Cape Town - Outgoing SA Communist Party (SACP) general secretary Blade Nzimande has launched a scathing attack on South Africa’s four main banks and the financial sector as a whole, accusing the whole system of being behind a “neo-liberal, financialised state capture”.
Nzimande, who was speaking at the start of the SACP’s congress in Boksburg, said that while the legacy of colonialism, apartheid and endemic corruption were major factors in the country’s problems, banks and the financial sector had become the major drivers of the deepening socio-economic crisis confronting the majority of South Africans.
Nzimande took the banks to task over the 2020 Covid-19 Loan Guarantee Scheme with which the government attempted to assist businesses in distress as a consequence of the pandemic lockdown.
It is common knowledge that Standard Bank, Absa, Nedbank and FNB are the country’s biggest banks.
He said what happened with the scheme was a dramatic illustration of the class arrogance and hegemony of finance capital.
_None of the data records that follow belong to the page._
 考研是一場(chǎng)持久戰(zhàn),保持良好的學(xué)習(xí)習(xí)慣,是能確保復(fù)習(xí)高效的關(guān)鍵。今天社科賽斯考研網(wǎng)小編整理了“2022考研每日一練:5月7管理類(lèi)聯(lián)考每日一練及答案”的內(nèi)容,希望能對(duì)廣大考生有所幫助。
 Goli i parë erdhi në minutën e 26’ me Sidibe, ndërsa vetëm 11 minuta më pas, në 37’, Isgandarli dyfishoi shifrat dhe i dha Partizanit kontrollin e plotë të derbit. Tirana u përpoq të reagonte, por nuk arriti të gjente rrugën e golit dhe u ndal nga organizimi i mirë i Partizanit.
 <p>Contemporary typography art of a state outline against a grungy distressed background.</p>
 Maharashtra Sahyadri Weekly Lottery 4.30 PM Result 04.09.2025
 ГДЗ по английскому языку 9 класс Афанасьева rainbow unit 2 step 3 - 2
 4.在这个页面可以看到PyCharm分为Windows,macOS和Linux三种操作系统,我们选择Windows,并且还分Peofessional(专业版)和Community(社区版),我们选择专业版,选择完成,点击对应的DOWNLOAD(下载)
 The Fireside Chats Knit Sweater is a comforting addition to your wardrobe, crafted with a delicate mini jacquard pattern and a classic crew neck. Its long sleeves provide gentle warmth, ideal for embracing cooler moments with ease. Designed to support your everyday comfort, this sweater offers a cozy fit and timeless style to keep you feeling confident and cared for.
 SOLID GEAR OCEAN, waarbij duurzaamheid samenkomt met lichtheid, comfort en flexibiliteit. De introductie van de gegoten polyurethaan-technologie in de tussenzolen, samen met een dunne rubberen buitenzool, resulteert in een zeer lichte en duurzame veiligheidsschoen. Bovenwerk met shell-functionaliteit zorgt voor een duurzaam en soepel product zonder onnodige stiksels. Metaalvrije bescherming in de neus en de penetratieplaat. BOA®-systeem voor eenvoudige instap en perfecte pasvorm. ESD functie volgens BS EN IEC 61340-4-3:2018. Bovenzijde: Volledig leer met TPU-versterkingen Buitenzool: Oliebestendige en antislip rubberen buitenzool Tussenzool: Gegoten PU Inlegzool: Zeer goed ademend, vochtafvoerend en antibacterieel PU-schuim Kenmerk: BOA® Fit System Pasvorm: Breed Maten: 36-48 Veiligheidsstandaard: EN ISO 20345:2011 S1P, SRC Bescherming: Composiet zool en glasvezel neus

He said that in response to the lock-down recession, the SA Reserve Bank (SARB) had already injected money into the financial sector through the purchase of bonds on the secondary market.
“At the same time the government made available a potential R200 billion to the same banks in terms of a Covid-19 Loan Guarantee Scheme to assist businesses in distress. Only R18.4bn was dispensed by the banks to businesses in distress.”
He said small and medium enterprises were particularly badly affected by the pandemic but the banks insisted on applicants for the loans placing at risk as collateral their entire businesses despite the fact that the government was carrying the burden of the risk.
He quoted former finance minister Tito Mboweni who said in a speech in May this year: “That national guarantee scheme was designed in such a way as 94% of the risk was to be absorbed by the National Treasury and the SA Reserve Bank. But the banks didn’t come to the party.”
Mboweni, who made the remarks after he had left office, said the banks simply refused to play ball despite pleas from President Cyril Ramaphosa.
Contacted for comment on the issue, the Banking Association of South Africa (Basa), which was in charge of the scheme on behalf of the banks, all of which are members, pointed the Cape Argus to the last statement it made on the scheme in June 2021.
In the statement, Basa said: “As at June 19, 2021, R18.3bn in loans had been approved by banks and taken up by small businesses under the Covid19 Loan Guarantee Scheme.”
Basa said in the statement that demand for the scheme had dropped sharply since April 2021, and in the past month only 65 loans, with a value of R35.7 million, had been approved by banks. The scheme was closed in July 2021.
In his speech, Nzimande said that through the late 1990s and into the present, South Africa’s political economy had become highly financialised.
“In 1994, the financial services sector in South Africa contributed 6.5% to GDP. It currently contributes nearly 25%, while the contribution of productive sectors to the economy has shrunk relatively with, among other things, de-industrialisation.”
Nzimande said that both black and white class representatives of the financial services sector were now clearly the hegemonic force within the capitalist class.
Speaking of what he referred to as the banking oligopoly, he said: “When the government seeks a social compact with so-called social partners, it is the financial sector that assumes the role of speaking for business at large.”
He said the dominance had been further cemented by the revolving door of senior personnel who moved seamlessly from the National Treasury to the SARB and the private banking and investment oligopolies.